New carpet for the interior
The original carpet was showing its age in places and the underlay and sound insulation were discoloured, rotting and
falling to bits because of moisture that been absorbed over the years. I decided to toss the lot out and renew
everything. The first problem that I encountered was that the original carpet, in my green colour, was no longer available.
After some searching I finally settled on a grey/green wool blend English carpet that was used in Series 3 saloons. It is
thicker than the original Series 2 carpet with a higher pile and a thick underlay already glued to the underside. The sound
insulation and carpet quality is far superior to the original and the colour helped to lighten the Olive interior.
The floorpans were repainted with POR 15 rust prevention paint and finished with two pack body colour. Before recarpeting
new self-adhesive sound insulating foam strips were inserted into the floor recesses and sheets of felt, bitumen and rubber
were glued over the transmission tunnel to provide maximum sound insulation.
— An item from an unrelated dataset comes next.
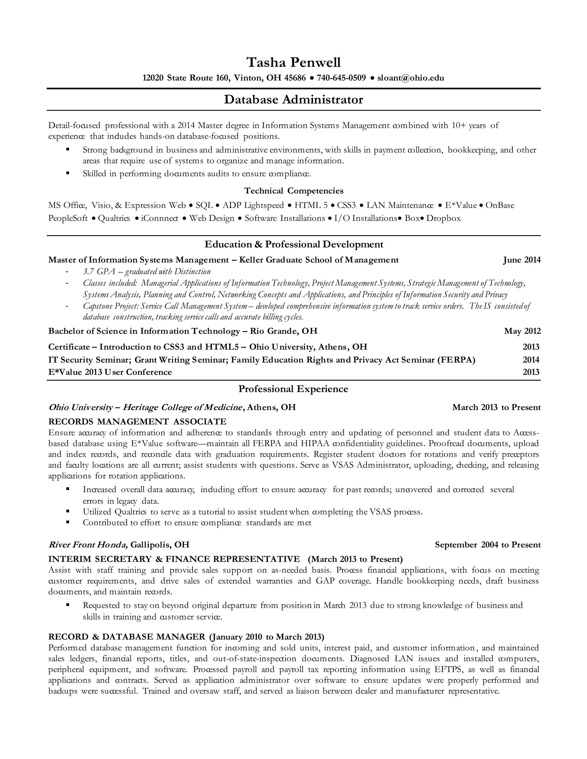 Tasha Penwell has over 10 years of experience in database administration and records management roles. She holds a Master's degree in Information Systems Management and has skills in MS Office, SQL, and various content management systems. Currently she works as a Records Management Associate at Ohio University, ensuring accurate student and personnel data entry and document management. Previously she held several roles such as Database Manager, Parts Manager, and Service Manager at River Front Honda, where she improved data accuracy, oversaw staff, and implemented process improvements.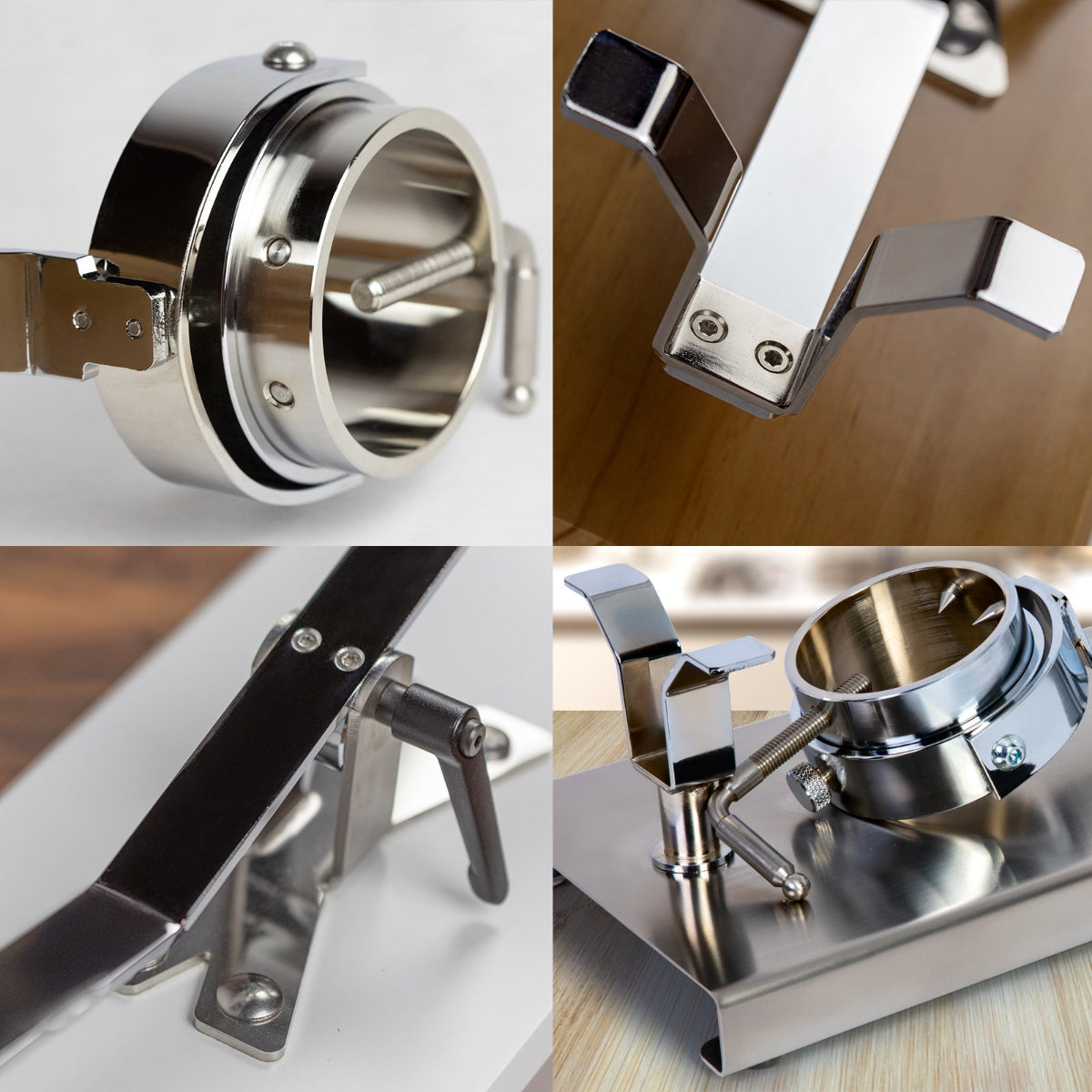 Su sistema de casquillos giratorios permiten girar el jamón los grados que se desee sin necesidad de soltar la pata. La sujeción de la punta tiene forma de V y no lleva pincho para evitar perforar el jamón y/o dañarlo. Es un jamonero muy versátil, manejable y cómodo de usar y limpiar.

A common Jaguar problem is the moisture absorbed into the original chip-foam insulation under the floor mats which rusts
the floor over time.. To prevent this happening in the future I applied a generous coat of Xtroll Rust Conquerer over the newly painted floorpans and allowed it to harden. When making up the insulation for under the floor carpet I glued
together a sandwich of dense “water resistant foam”, felt and rubber. The foam is in contact with
the floor and will not absorb or hold water and will therefore not promote rust like the original
factory chip-foam insulation. The “sound sandwich” also provides superior noise suppression.
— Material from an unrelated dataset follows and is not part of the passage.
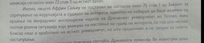 „Констатирана е состојба на судир на интереси при извршувањето на вонредниот инспекциски надзор од страна на лицето Африм Саљиу, бидејќи службеното лице имало приватен интерес што може да влијае врз непристрасното вршење на неговата службена должност, односно истото лице било должно да ги преземе сите неопходни мерки за да го спречи влијанието на неговиот приватен интерес и за тоа да го извести својот претпоставен согласно член 72, став 2 од Законот за спречување на корупцијата и судирот на интереси, а доколку се сомневало за постоење судир на интереси во конкретниот случај, лицето е должно да побара мислење од Државната комисија согласно член 72, став 3 од истиот закон“, пишува во известувањето.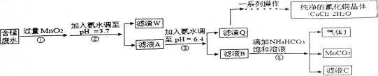 利用酸性含锰废水(主要含Mn2+、Cl-、H+、Fe2+、Cu2+)可制备高性能磁性材料碳酸锰(MnCO3)及纯净的氯化铀晶体(CuCl2·2H2O)。工业流程如下:

I used the original carpet sections as templates and cut and trimmed an entire new set of carpets.
Using contact adhesive I glued the carpet where it was originally glued to the floor, sills and transmission tunnel and retained the new mats using Velcro and plastic clips to hold them in place.
The recarpeting, including the new insulation was a relatively straight forward job and can be accomplished by any
competent handyman. Using basic tools and taking your time and applying a little common sense, most people could
recarpet their own Jag. The only external assistance I required was to have the protective binding around the edges and
new heel mats stitched onto the the floor mats. As an added touch the new heel mats were customised with the words “JAGUAR XJC V12” embossed into them.
Rear parcel tray
Obviously the rear window had been leaking at some stage and the rear parcel tray
trim had absorbed the moisture and distorted over time. The trim needed replacing and as I had purchased new Pioneer stereo rear speakers this was a good time to make
a new trim. Using the old trim as a pattern I cut a new backing board from 3 mm MDF, complete with recesses for the speakers. I then padded it, and the steel fill-in panel,
with thin foam and covered them both with black vinyl left over from the vinyl top.
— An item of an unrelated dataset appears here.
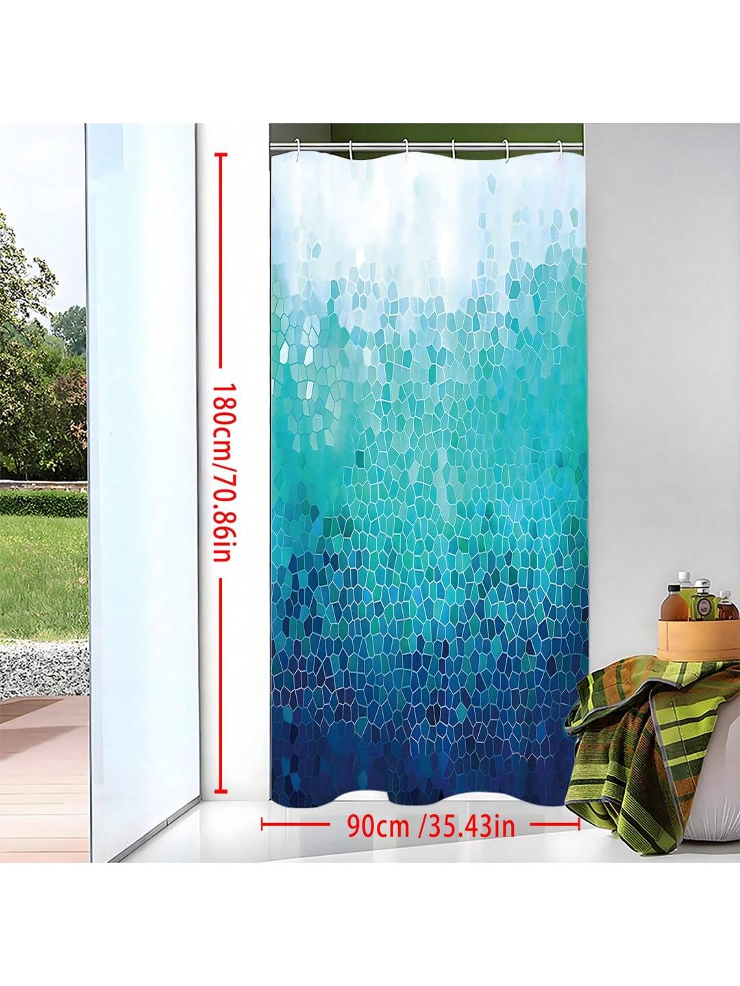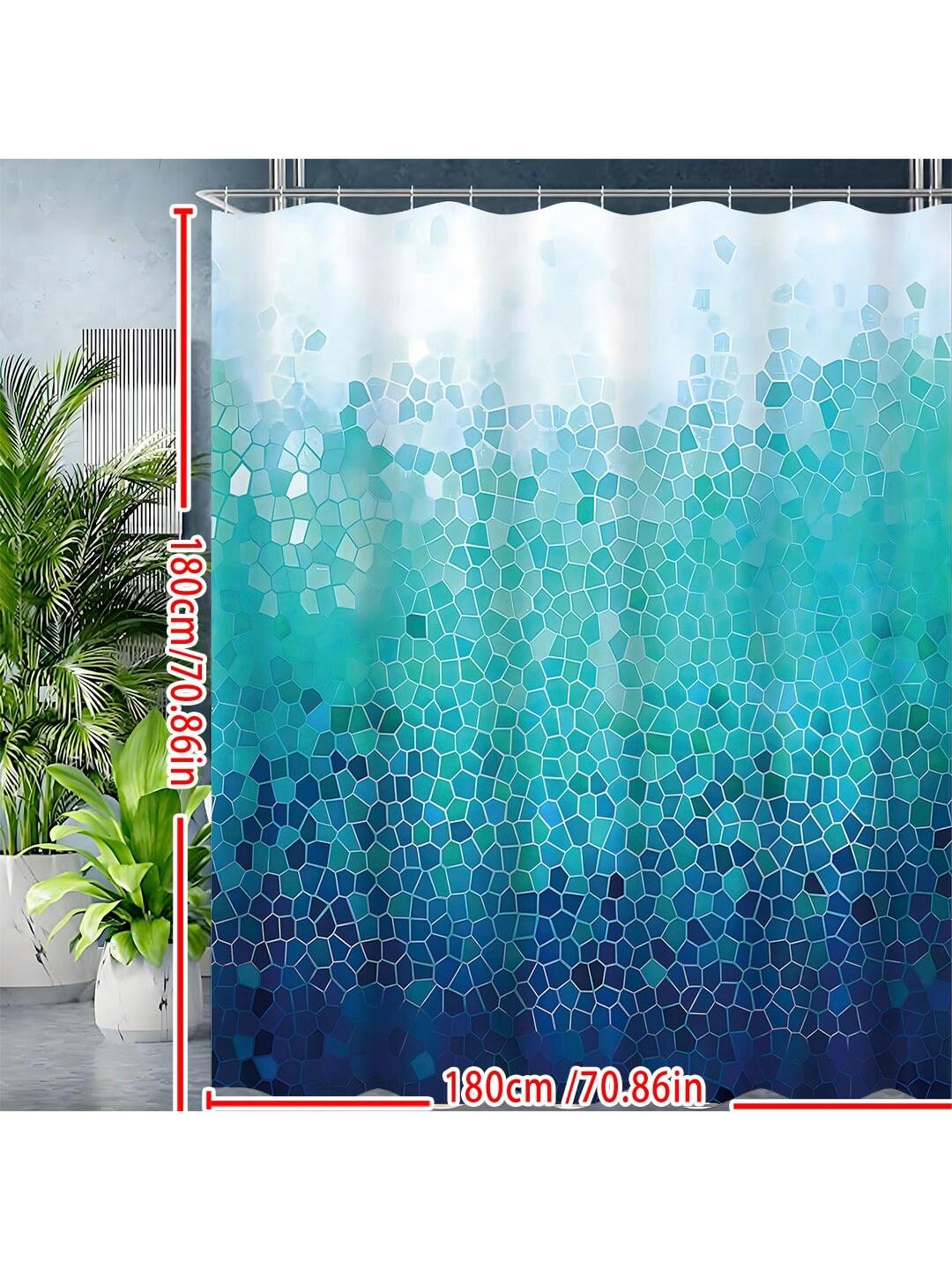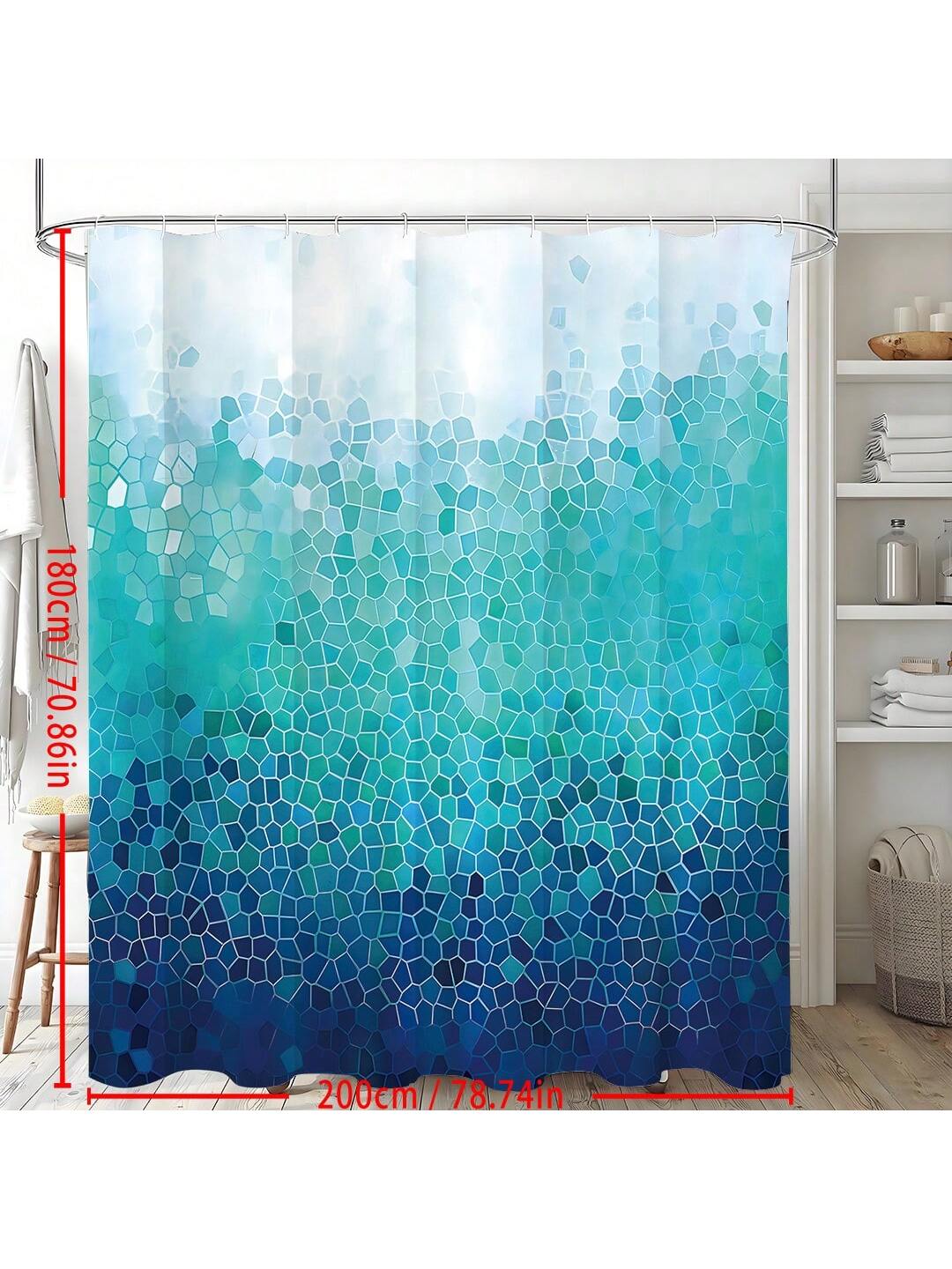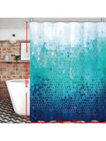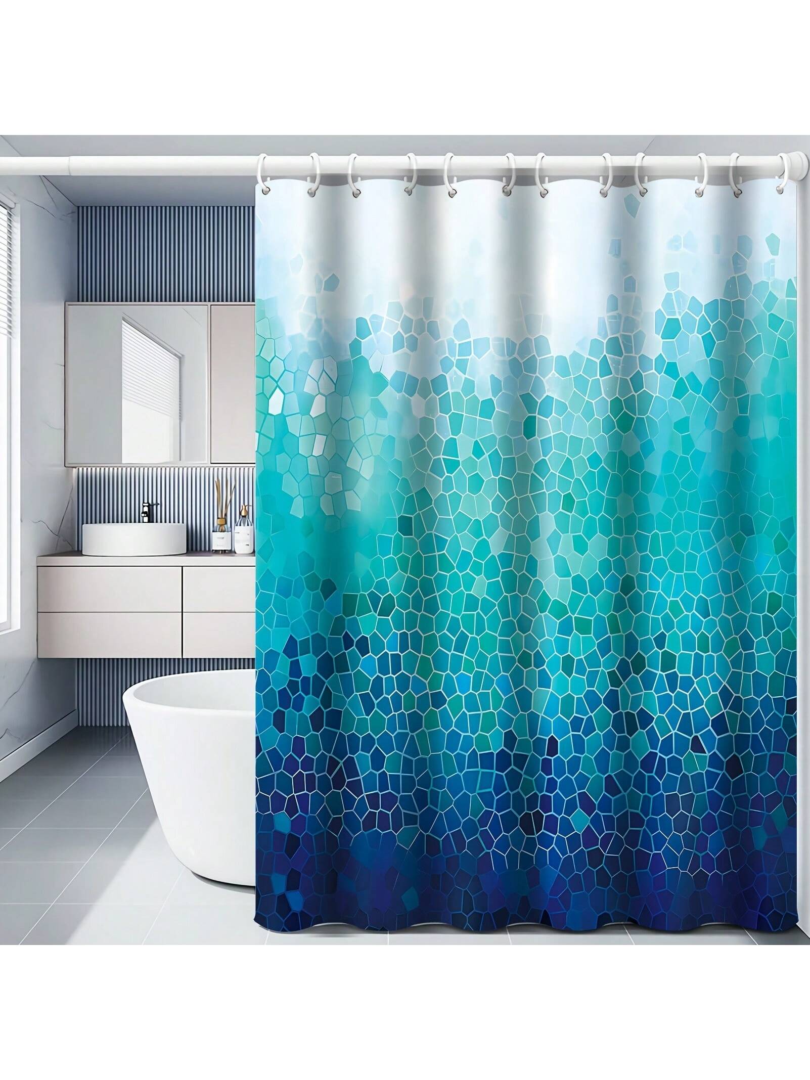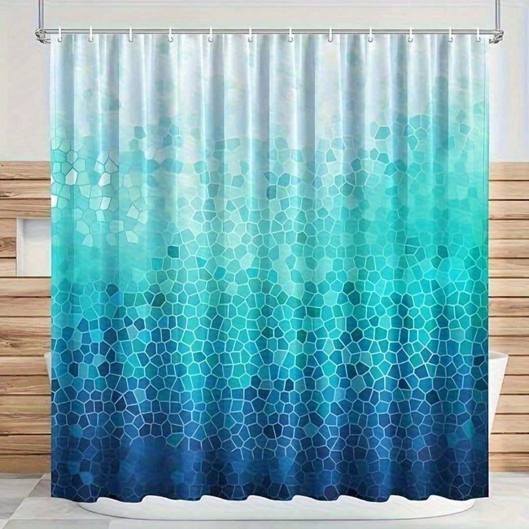 Chic Ombre Blue Geometric Shower Curtain - Stylish & Waterproof Bathroom Décor with 12 Hooks

Roof lining - Side rail trim
The roof lining trim that runs down each side of the roof (cantrails), was damaged by the bead blaster when he was
removing the paint from the body. When I inspected the trim sections I also found the backing boards to be broken and distorted due to age. So I had yet another piece of trim to replace.
Using the originals for patterns I cut two new backing boards from 3 mm MDF and then covered them with new roof lining
material. Refitting the trim was rather awkward and required care and patience, especially when matching up the new
retaining clips with their respective holes.. The effort was worth while as the new trim now finishes the roof area off nicely.